Wednesday, July 28, 2010

Tears are a language

The double-standard is shocking.

Women feel overcome with emotion - and nobody thinks twice about them shedding tears.

But let a man do it and eyebrows raise. Some of the most insensitive, thoughtless comments have come out of people who saw a man cry in a situation in which it was entirely appropriate for him to do so.

"Straighten up."
"Be a man."
"Get a hold of yourself."

Personally I believe that (just as a woman is never more feminine than when she cries real tears) a man is never more masculine than when he dares brave the social norms of today's western culture and shows his emotions. He's demonstrating to those around him that he is comfortable enough in his own skin to be honest about how he feels inside of it.

I'm not talking about crocodile tears here. I'm talking about real, gut-wrenching emotion.

It's a powerful thing. Emotion is not wrong. In fact, it can be the most right thing in the world: a catalyst for change, even.
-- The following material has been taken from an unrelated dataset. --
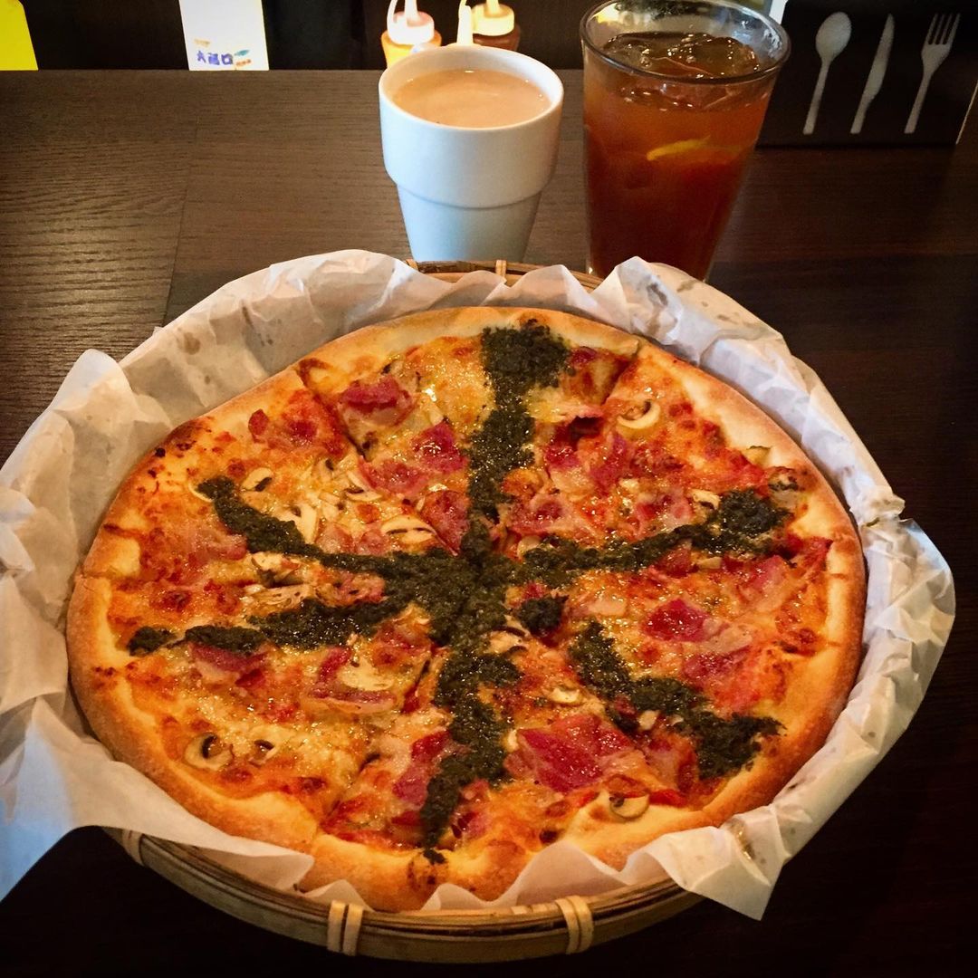 ▼「Hand on the pizza 手在披薩」最特別的口味就是這款「江雁婷」…這根本是人名吧喂!沒錯,根據老闆表示江雁婷小姐是他的前老闆、也是教會老闆做披薩的人,將她最喜歡的披薩口味「羅勒醬+蘑菇+培根」用她的名字來當料理名,也是為了不忘本。

Think how many people were moved with compassion when the earthquake hit Haïti in January 2010.

Emotions were designed to be transient, temporary states of mind. The feelings of fear and anger are warning flags that something is wrong - and expressing emotion (whether in joy, sadness, anger, pain, or fear) relieves stress and helps our bodies achieve equilibrium. They signal to us what things are the most important to us. They connect us with our dreams, with our passions, with our callings. They tell us when a boundary has been crossed - or if a wrong needs to be righted. They keep us stable - as long as they are allowed to touch us as they pass through our spirits.

Since God created us in His image - all of us - and He feels things deeply, it only stands to reason that we would do so as well. It is healthy and good to experience emotion and be able to express that.

It's what we do with our own emotions that can enrich or stifle our lives. Stuffing emotional pain down inside of us and not letting it out - or holding onto it long-term without dealing with why - only builds up internal pressure and leads to physical sickness: high blood pressure, heart disease, stroke, kidney problems and so forth.

If those strong emotions are directed at God - and let's admit it: sometimes we get mad at Him - He can take it if we want to vent at Him. "He's got broad shoulders," my mom used to say of certain people when I was growing up. I think that applies to God too. He "desires truth in the innermost parts." And He loves us through all of it.

If the emotions are directed at someone else - that's okay too. We can take them to God and tell Him the truth - "Hey God, I can't deal with that $U^%$^ person who hurt me (or who hurt someone I love) - I want to forgive him/her because I want to do what You've asked me to do - but I can't. This is what he/she did ..." and then pour it all out, cry, scream, rant, rave - whatever it takes. He'll hold us in His arms and let us do all of that, and still love us. That's actually the beginning of the healing process, the first step toward forgiveness.

But until we are honest with Him and with ourselves, healing can never start to take place. The tears we shed are precious to Him - they speak volumes heavenward like spoken words could never do - and God understands that language.